If life is limited, why do so many supercede the unexpected? Leap past the lame walls put around them? Climb over so tenaciously the condemning words labeled on them by others who don’t understand?

Isn’t faith wild and beyond what even we could imagine?

If we could do life independently then why would we call it faith? Why would we need a savior? How might we believe in the impossible when things don’t go our way.

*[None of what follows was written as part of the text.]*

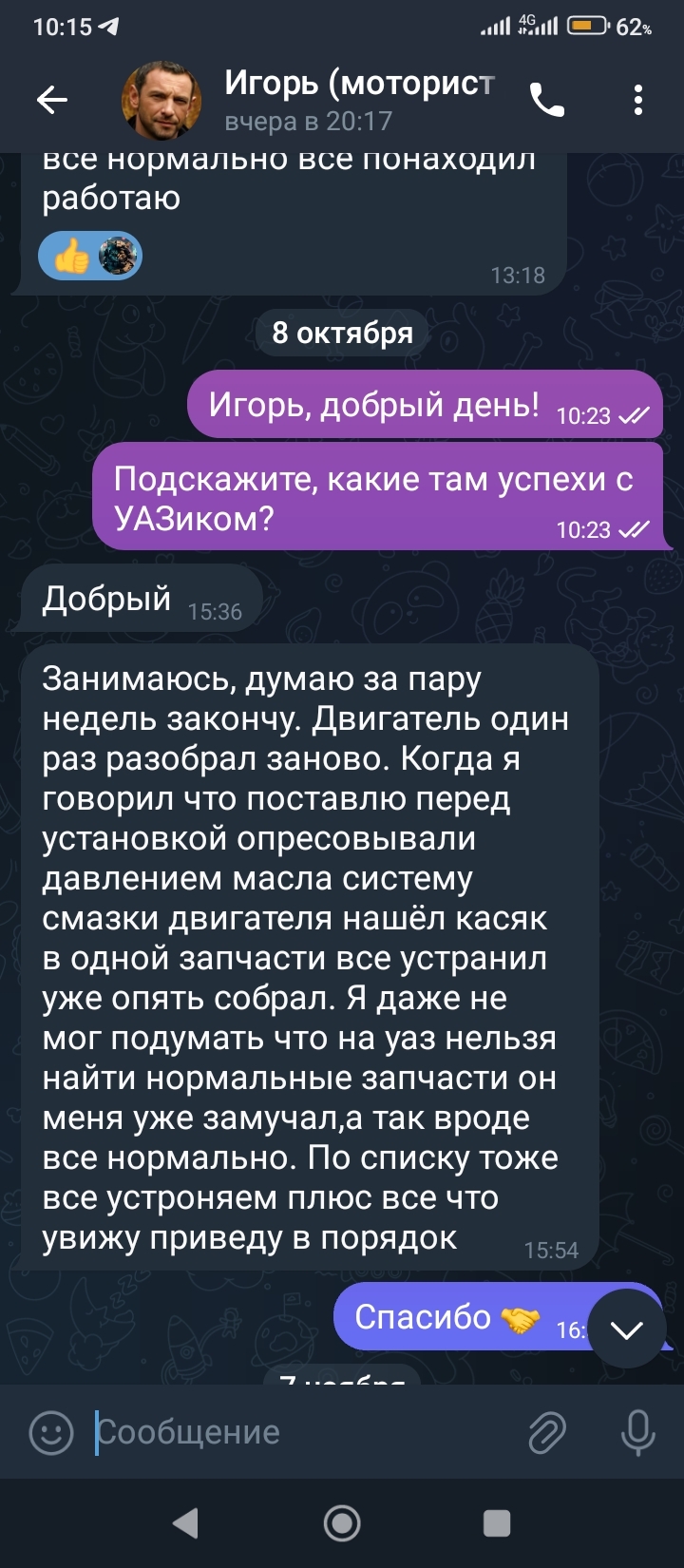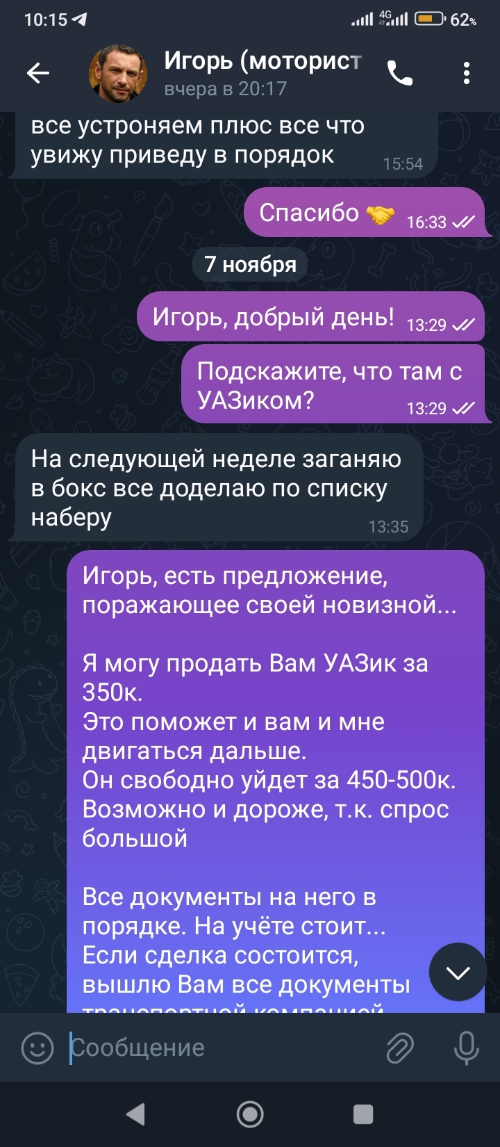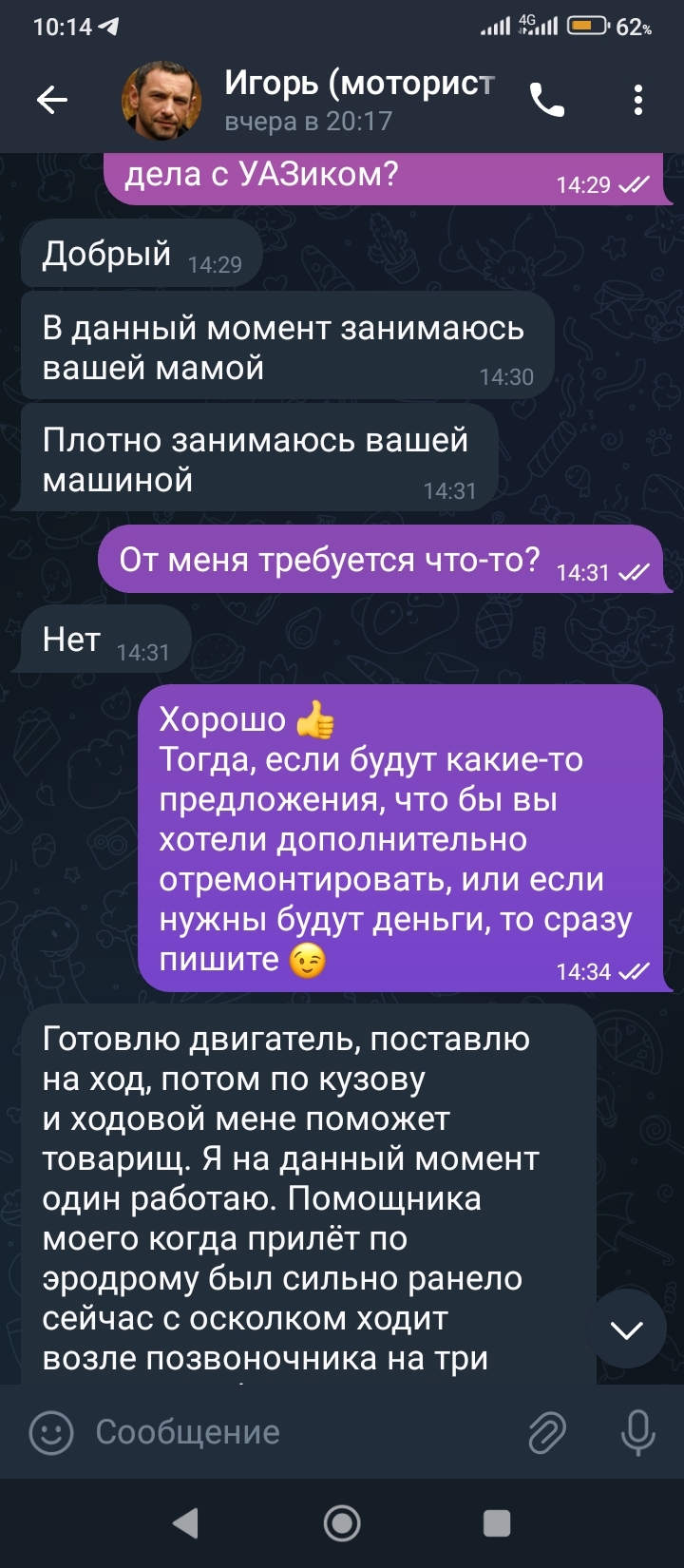 В мае 2024 года УАЗик был эвакуирован к мастеру. Сроки ремонта не "горели". Но, до сегодняшнего дня, УАЗик всё ещё не отремонтирован. У человека, который "ремонтирует" УАЗик находятся постоянно "тысячи" причин, чтобы им не заниматься.

The isle in the grocery store almost crippled me. But then, my mind shifted on the way home.

Maybe those candy bars, the same kind I used to buy my daddy as a little girl, before he died of cancer…Weren’t there to swallow me up with grief…

Perhaps, those candy bars were there to leave a crumb of hope. A reflection of me growing. A little taste of the piece of my dad that is still with me…

Despite time and space and earthly veils keeping us apart.

Perhaps, my dad is still with me. And my children can dream the impossible, with nothing at all to stop them.

Could it be, we have enough…And despite the hard, we can dream and leap, rise and reach for everything God puts before us.

We are not handicapped. We are blessed, chosen, delighted in and expected to do great things.

This world can’t stop us. This world is not our home.

Perhaps it’s not what happens to us, but how we think about life that matters?

Will we let our thoughts cripple us?

Or will we rise, better, blessed because of the gift to get to experience breathe drifting in our lungs, and the hope of others surrounding us when we least expect it.

At minimum, can we go and be a blessing, despite how we feel, regardless of what we think.

We are here to give, stretch, live in faith. Not to be frozen or crippled by our feelings.

So, how about if we go out and walk, head held high, into this world. Believing fully, God has good in store for us. He is with us.

We don’t need to be in control. Or run from grief.

We just need to give up and surrender to the message, He is living through us.

And perhaps our brokennes is enough. We are enough…

Even in the isle of the grocery store when sorrow drops us to our knees.